* _Required work_
The pictures in the data below are to be omitted; all else must be duplicated exactly.

BEGIN Recorded information

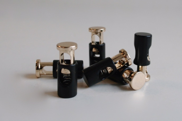 Sølv/sort cylinderformet snorestopper i metal.
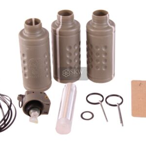 La granada Kimera JR 4.0 es una granada de impacto que funciona con gas (preferiblemente DUEL CODE). Con un tamaño de 40mm de ancho, 95mm de alto y un peso de 97gr, se convierte en la granada sónica más ligera. Es completamente reutilizable, no necesita nuevas carcasas para funcionar. Se activa por impacto en casi cualquier superficie. Compatible con el Clip Molle Fast Bang. Fabricada integramente en Europa.
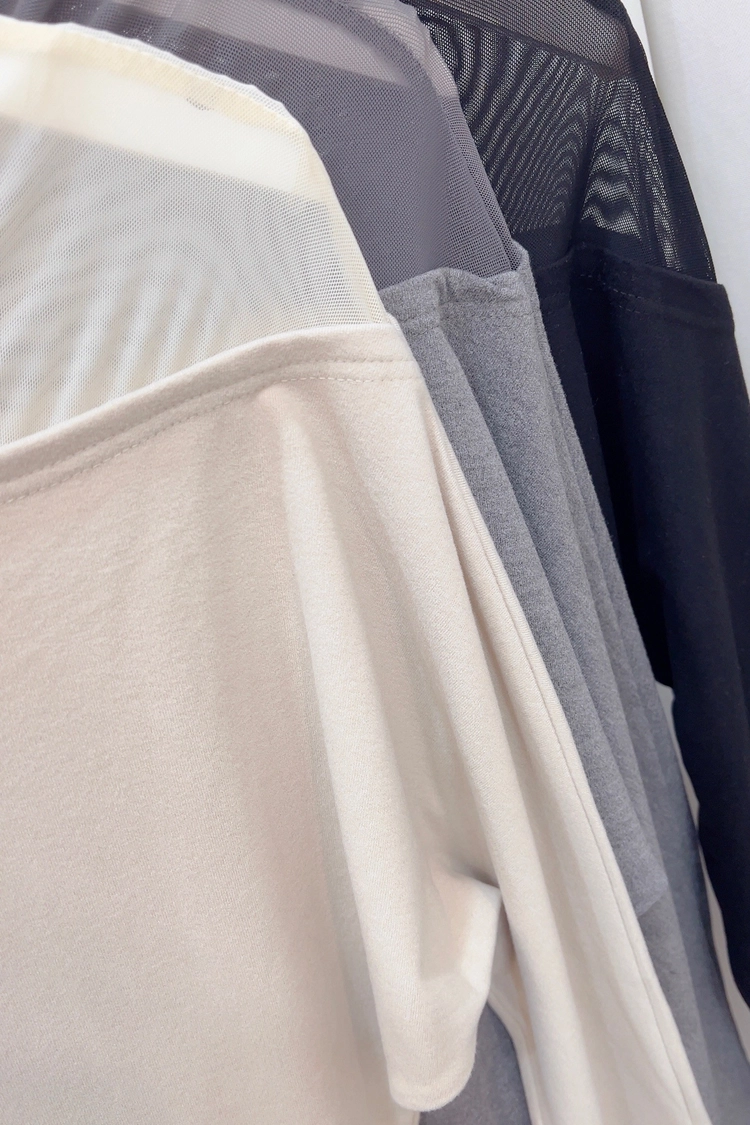黑,杏,灰斜接網紗造型上衣

END Recorded information

* _Response_
 Sølv/sort cylinderformet snorestopper i metal.
 La granada Kimera JR 4.0 es una granada de impacto que funciona con gas (preferiblemente DUEL CODE). Con un tamaño de 40mm de ancho, 95mm de alto y un peso de 97gr, se convierte en la granada sónica más ligera. Es completamente reutilizable, no necesita nuevas carcasas para funcionar. Se activa por impacto en casi cualquier superficie. Compatible con el Clip Molle Fast Bang. Fabricada integramente en Europa.
黑,杏,灰斜接網紗造型上衣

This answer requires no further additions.